§ **About this exercise**:
Produce a word-for-word copy of the listing below without its pictures.

======== Data segment ========

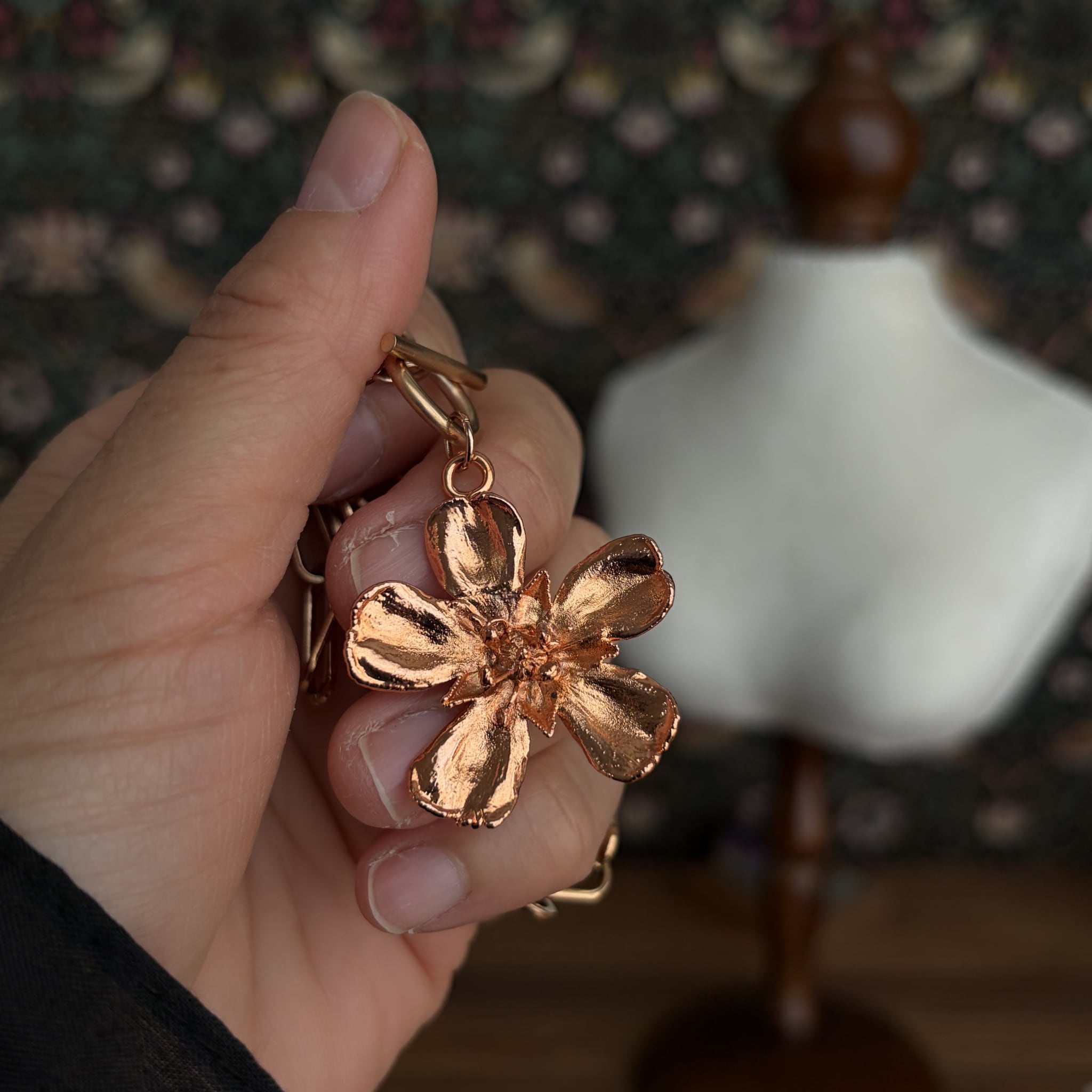 この大切な花の形を、変色を気にせず作品にすることができるエレクトロフォーミングは、まさに作者が求めていた技法でした。
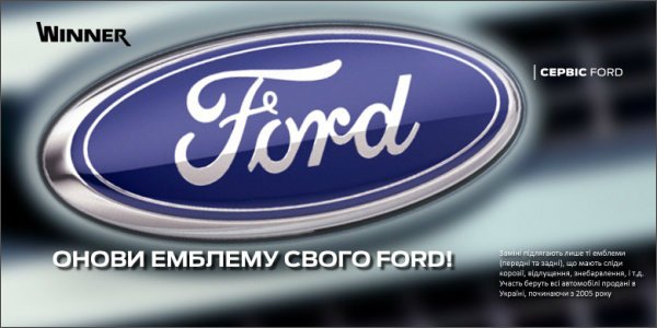 Компания «НИКО Форвард Мегаполис» приглашает владельцев Ford, автомобили которых достигли 4-летнего возраста в 2015 году и были куплены в Украине с 2005 года в официальной дилерской сети Ford, посетить дилерский центр и бесплатно заменить старую эмблему Ford на новую. Кроме обновления эмблемы, автовладельцы также получают бесплатную консультацию от специалистов сервиса относительно технического состояния своего автомобиля, а также информацию о всех возможностях обслуживания на станции.
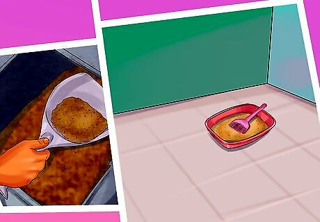 Keep your cat’s litter box clean. You should also keep your cat’s litter box clean and dry to encourage them to go to bathroom. You may try to clean the litter box more than usual so your cat feels more comfortable urinating in their litter box. If your cat is old and senile, you may place several litter boxes around your home so your cat also more opportunities to go to the bathroom in the litter box. You may also lead your cat to their litter box if they appear to have forgotten where it is located. You may also keep your cat's litter box in a room that has hardwood, tile, or linoleum floors so that if they have an accident on the way to the litter box, it is easier to clean up.
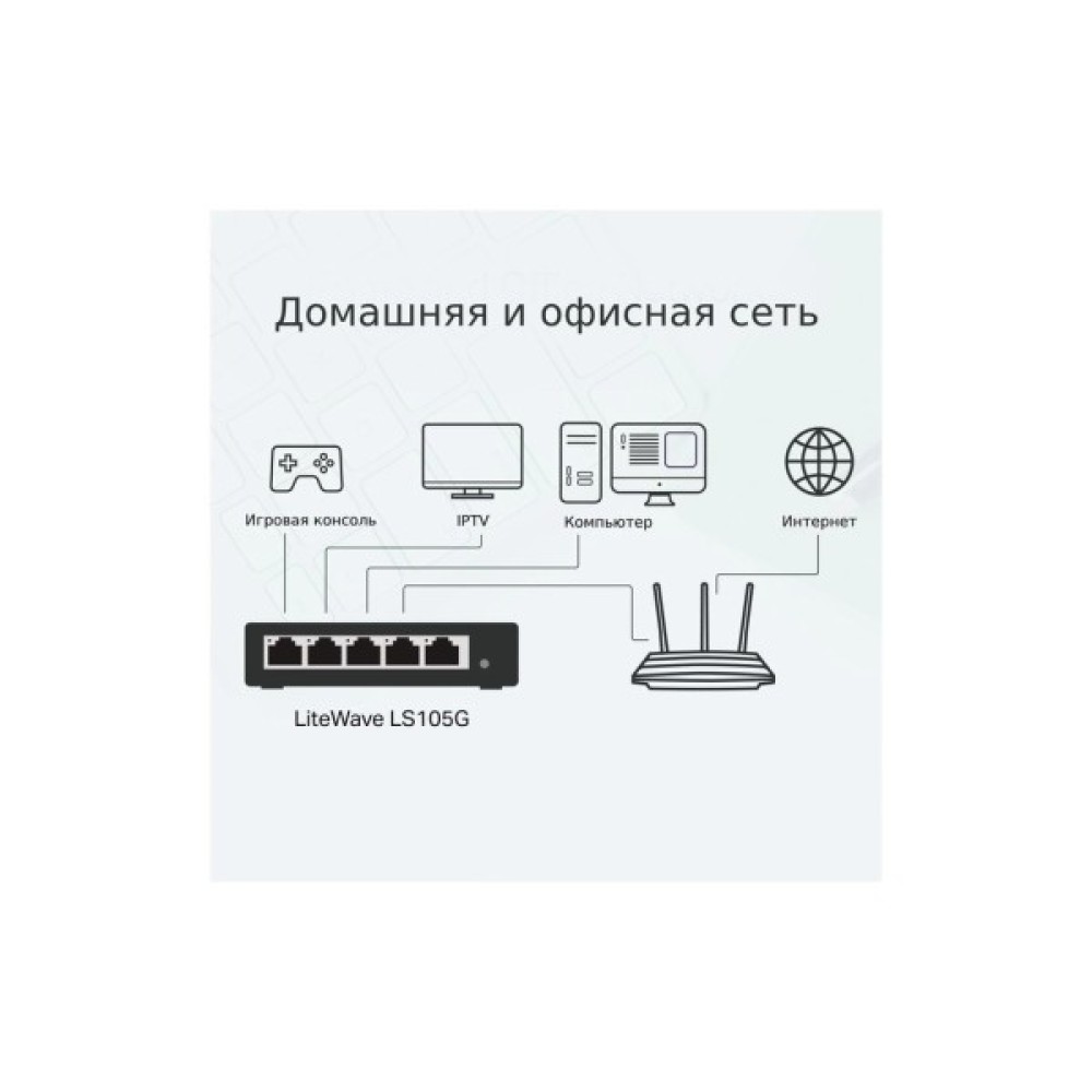 Широка сумісність TP-Link LS105G підтримує всі мережеві пристрої — від комп'ютерів і принтерів до IPTV та відеокамер. Він забезпечує якісну та стабільну роботу всіх під'єднаних пристроїв, ідеально підходячи для застосувань у малому бізнесі та вдома.

========

§ **Expected answer**:
 この大切な花の形を、変色を気にせず作品にすることができるエレクトロフォーミングは、まさに作者が求めていた技法でした。
 Компания «НИКО Форвард Мегаполис» приглашает владельцев Ford, автомобили которых достигли 4-летнего возраста в 2015 году и были куплены в Украине с 2005 года в официальной дилерской сети Ford, посетить дилерский центр и бесплатно заменить старую эмблему Ford на новую. Кроме обновления эмблемы, автовладельцы также получают бесплатную консультацию от специалистов сервиса относительно технического состояния своего автомобиля, а также информацию о всех возможностях обслуживания на станции.
 Keep your cat’s litter box clean. You should also keep your cat’s litter box clean and dry to encourage them to go to bathroom. You may try to clean the litter box more than usual so your cat feels more comfortable urinating in their litter box. If your cat is old and senile, you may place several litter boxes around your home so your cat also more opportunities to go to the bathroom in the litter box. You may also lead your cat to their litter box if they appear to have forgotten where it is located. You may also keep your cat's litter box in a room that has hardwood, tile, or linoleum floors so that if they have an accident on the way to the litter box, it is easier to clean up.
 Широка сумісність TP-Link LS105G підтримує всі мережеві пристрої — від комп'ютерів і принтерів до IPTV та відеокамер. Він забезпечує якісну та стабільну роботу всіх під'єднаних пристроїв, ідеально підходячи для застосувань у малому бізнесі та вдома.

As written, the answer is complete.